Picasso Landscapes: Out of Bounds in Charlotte

  • Visual arts
  • Charlotte
  • Sat, February 11 —
    Sun, May 21, 2023
Picasso Landscapes: Out of Bounds in Charlotte

In the context of the “Picasso Celebration 1973-2023,” this exhibition explores Pablo Picasso’s deep engagement with landscape subjects and his expansive approach to this traditional genre.

Through a selection of more than 40 works spanning Picasso’s full career, Picasso Landscapes: Out of Bounds, presents this exhibition filled with works from private collections and international museums together. The dynamic grouping of works in the exhibition offers visitors a window into the artist’s creative process, from his earliest days in art school –1896 when the artist was just 15 years old– to months before his passing in 1973.

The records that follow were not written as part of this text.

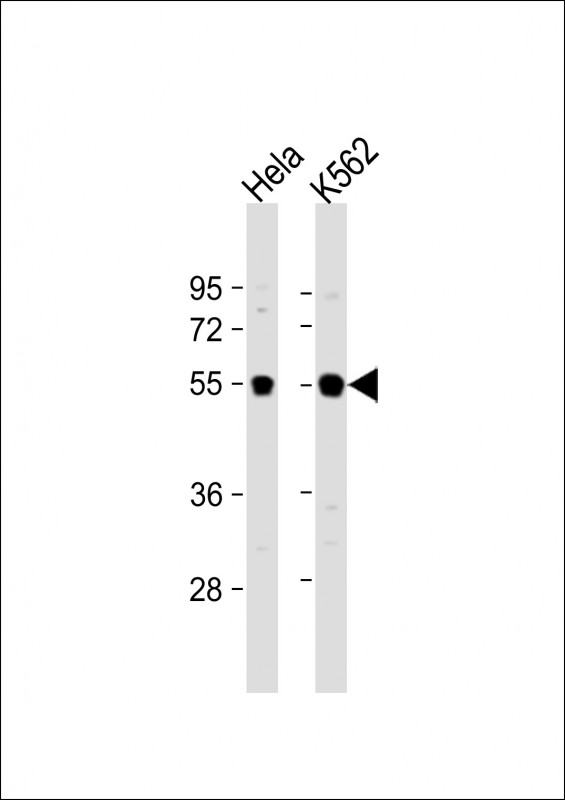 All lanes : Anti-IRAK4 Antibody (N-term) at 1:1000 dilution Lane 1: Hela whole cell lysate Lane 2: K562 whole cell lysate Lysates/proteins at 20 μg per lane. Secondary Goat Anti-Rabbit IgG, (H+L), Peroxidase conjugated at 1/10000 dilution. Predicted band size : 52 kDa Blocking/Dilution buffer: 5% NFDM/TBST.
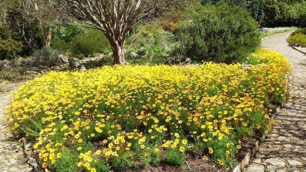 - урсинию разноцветковую (ursinia anthemoides subsp. versicolor), формирующую высокие, полуметровые кустики с золотистыми пятисантиметровыми корзинками соцветий, сидящими на тонких стройных цветоносах; корзинки выглядят очаровательно благодаря темному пятну у основания язычковых цветков, перекликающемуся с коричневым центром из трубчатых цветков.
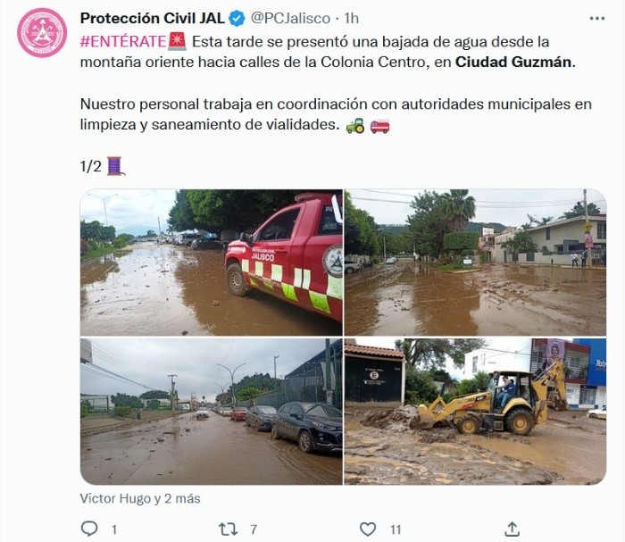 Una olla de captación de agua para cultivos de aguacate se reventó en una montaña del oriente de Ciudad Guzmán, en el municipio de Zapotlán el Grande, lo que provocó serias inundaciones con lodo y el arrastre de palos en el municipio del sur de Jalisco.Debido a la ruptura de la olla de 50 por 50 metros de diámetro y una profundidad de cuatro metros, alrededor de un millón de metros cúbicos de agua desbordaron el arroyo San Cayetano y culminaron en la zona urbana de Ciudad Guzmán.Alrededor de las 14:00 horas, vecinos de las zonas Norte y Oriente comenzaron a presenciar grandes cantidades de agua, lodo y palos bajando por las calles, cubriendo el paso vehícular.Se reportó la presencia de agua y lodo al interior de viviendas particulares y negocios, así como del Centro Universitario del Sur y la subdelegación del Instituto Mexicano del Seguro Social.JM
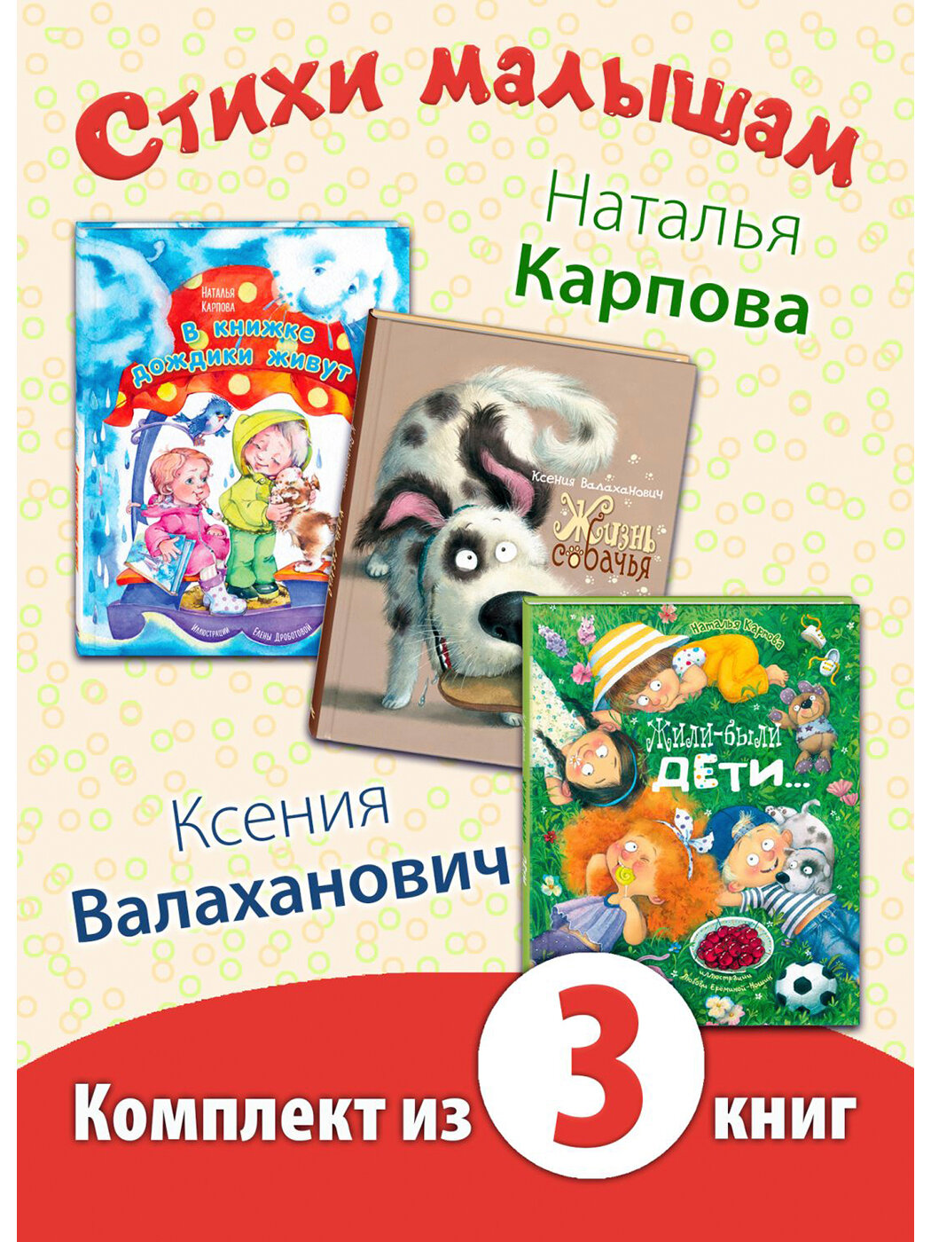 Задорные стихотворные книжки детских поэтов Ксении Валаханович и Натальи Карповой расскажут маленькому читателю о том, как весело живут на свете дети и как устроена жизнь собачья. А еще здесь поселились самые разные дождики! Познакомиться с этими жителями нашей планеты помогут красочные, живые и выразительные иллюстрации Елены Дроботовой и Любови Ерёминой-Ношин.В комплект включены три книги для малышей и дошкольников:Жили-были дети (автор Н. Карпова, художник Л. Ерёмина-Ношин);Жизнь собачья (автор К. Валаханович, художник Л. Ерёмина-Ношин);В книжке дождики живут (автор Н. Карпова, художник Е. Дроботова).Для чтения взрослыми детям
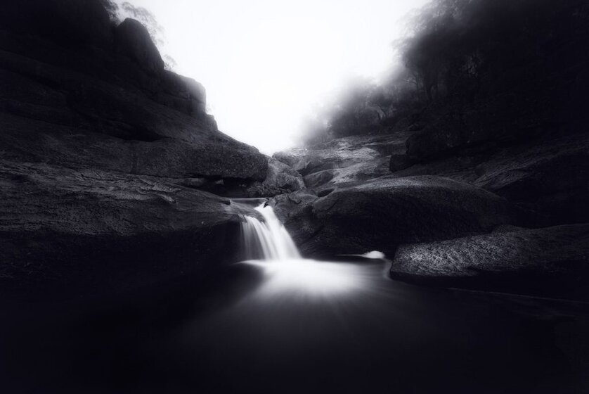 Como podéis ver es un archivo que tiene muchas interpretaciones, estoy convencido que un buen revelado en color le iba a venir de perlas, pero…esa cascada aislada en el centro me invita a probar con un blanco y negro…vamos a ver que conseguimos…
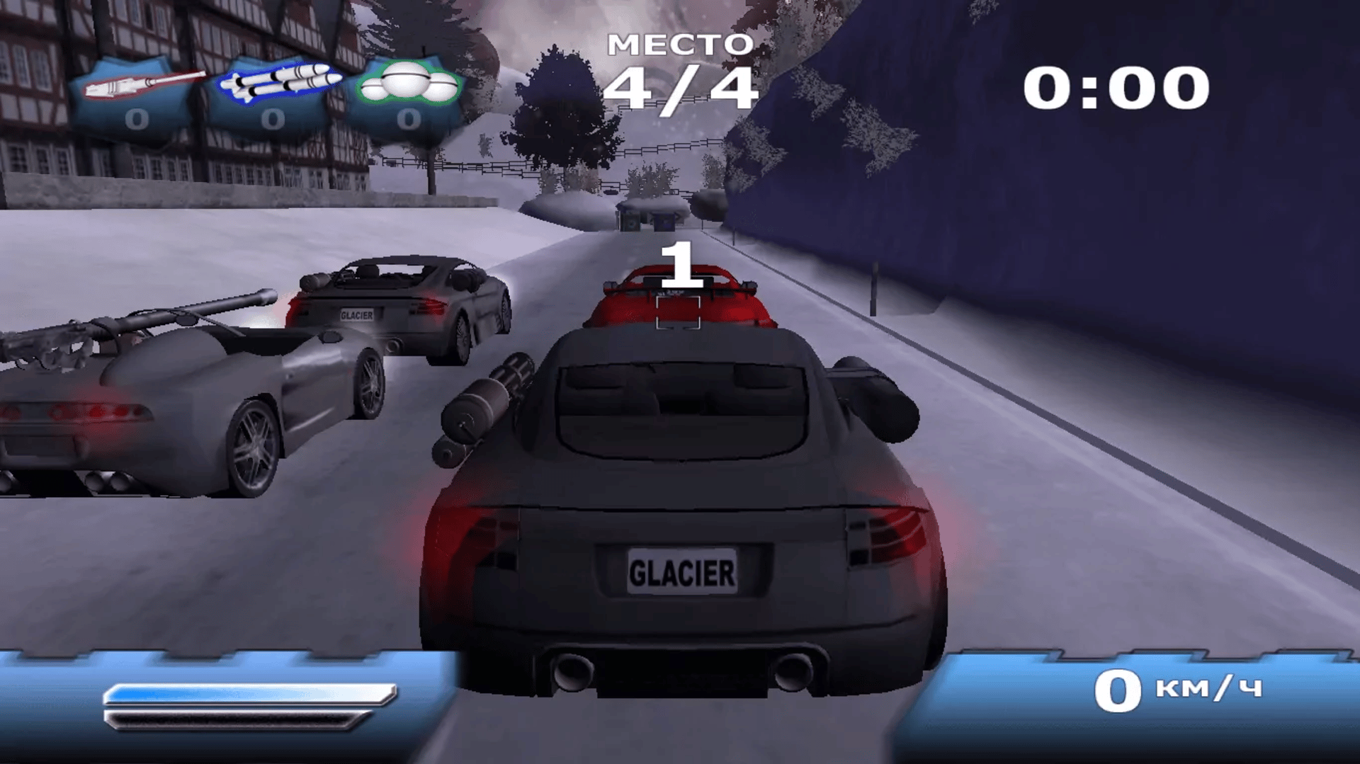 There's only one rule: "He who finishes first is victorious." The stakes have been raised and more dangerous frozen race locations have been found in Glacier 2. A fresh group of contenders have entered this alpine race with faster and stronger vehicles equipped with shocking new weapons. Watch out for treacherous cliffs, falling rocks, and icy hairpin turns as racers careen down the mountains. But it takes more to be #1. Aim your rockets, ready your machine guns, and deploy mines to battle your opponents because in Glacier 2, there’s only one rule: “He who finishes first is victorious.” Features • Over the top combat racing action • 18 freezing levels full of traps, cliffs, mines, falling rocks, canyons, and spectacular jumps • Choose from 7 super rides, each with different armor, weapon, and driving abiilities • Beef cars up with various deadly weapons such as rockets, machine guns, shotguns, and mines • Compatible with the Wii Steering Wheel for intuitive controls and a realistic driving feel
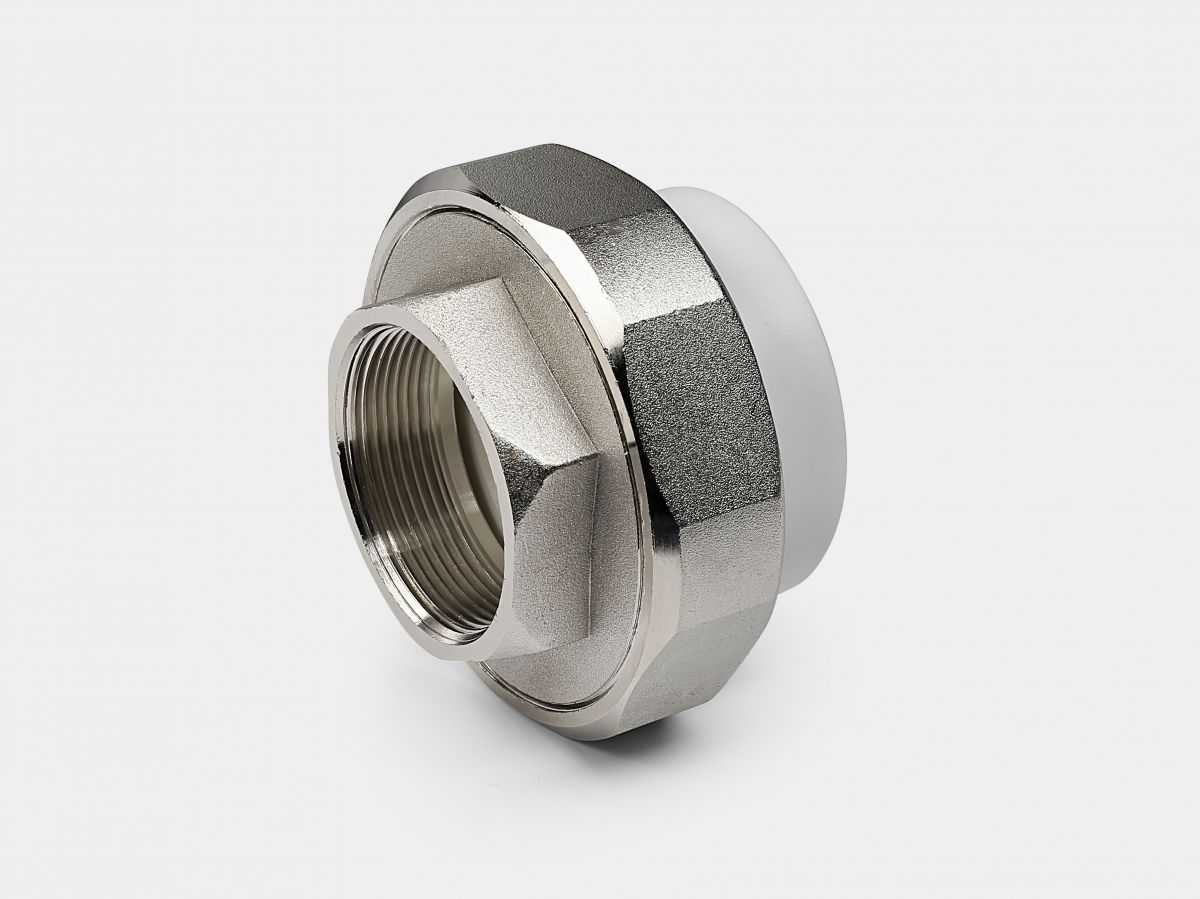 Американка полипропиленовая муфтовая ВР D63-2 КОНТУР (усиленная) предназначена для разъемного соединения между трубой и резьбовым фитингом. Подходит для систем отопления и водоснабжения. Монтаж: вход - ПП наружный, выход - Платунь, внутренняя резьба.
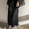 Summer women Midi Skirts Womens England Office Lady Satin High Waist Simple Elegant Long Skirt Women Faldas Mujer Moda 2021

Picasso was committed to depicting landscapes throughout his entire life. From his earliest days in art school until the year before his death, landscape remained his prime genre through which he mediated his perception of the world and which shaped his own creative evolution. Landscape served as a catalyst for his formal experimentation, including early Cubism, as a field in which to investigate urban modernity, as an interface between humanity and nature, as a ground for direct sculptural intervention, as a space of personal withdrawal, as an inviting terrain for elegiac scenes, and as a territory of resistance and flight.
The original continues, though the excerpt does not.